In your opinion, what's going on with Christian women in relation to dating?
Well, since Christian women are imperfect human beings, you have the sanctified attitudes and character mixed in with the unsanctified, and what you get is variable. The starting material varies, and how much the Holy Spirit has changed will vary. Some are better than others, even though they're all saved. You've probably had to deal with this in men, Christian men get to deal with this in women.
So, there are going to be some common threads between Christian and non-Christian women, but there's another layer to Christian women which may or may not be present, which is spiritualizing her choices.
So, take what women like and are attracted to - and I realize there is variance, you have your types of guys that you like, but bear with me - and add 100%, consistent Christ-like character on top of that, and that is what Christian women will say they expect. If you take her at her word, you've got multiple deal breakers simply because being the best human you can be is not enough. So she's going to have to settle - but when she settles, what kinds of guys does she settle for? Christian women that I have been into have not settled for me. Sometimes it's guys in the church, sometimes it's guys outside the church, but my problem is it's not me.
With Christians, much is done in community. In that community, if there are attractive women, there will be multiple male "orbiters" each. They want to get to know her better or get a chance to make a move and ask her out. When I was in college, "friends first" was generally the acceptable way for couples to get together among Christians, so that really exacerbated the condition. If a reasonably attractive woman throws a party in a mixed group, there will often be quite a few guys there. If she's not the most social of women and does it anyway, the women at the party can easily be outnumbered. If she picks anyone, she'll pick her favorite. This is lived experience.

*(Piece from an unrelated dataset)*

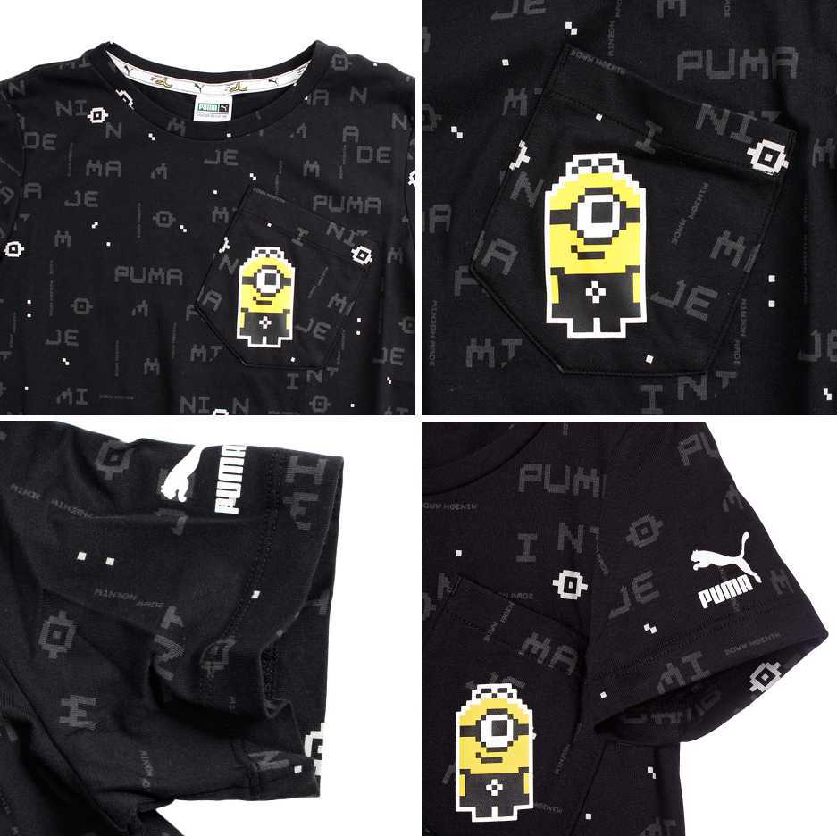 プーマ ミニオンズ コラボ キッズ 半袖Tシャツ 104 ブラック 総柄 黒 Minions 子供用 キッズ ジュニア 男女兼用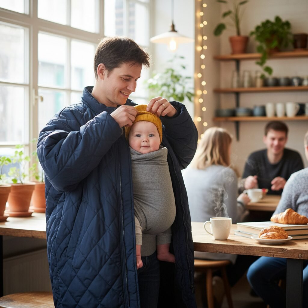 - Outer Layer: This is where things get creative. You can wear a maternity coat or a coat that’s a size or two too big to zip up around both of you. Better yet, consider a babywearing coat or a jacket extender panel. These are designed to zip into your existing jacket, creating a perfect pouch for your baby. This cocoons you both in a shared space, making it much easier to regulate the overall temperature.

On multiple occasions, Christian women have said to each other that there's no one in the area to date
in my presence. I hope they like cats.
Then, there's what many (I won't say every) unmarried women on CF have posted about dating, relationships, what they say they want in men, and how they live. You've had a taste, I've had a bigger taste since I've been here longer. In this context, I have found that when I am asked to share what I honestly want in a woman, I get attacked for it so I have learned to craft my answers if I answer. I don't wish to break any rules or call anyone out, so I'd rather not get too specific. It's less than impressive. I realize this is a subset of Christian women, but I'm not going to have access to these kinds of conversations with the women at church.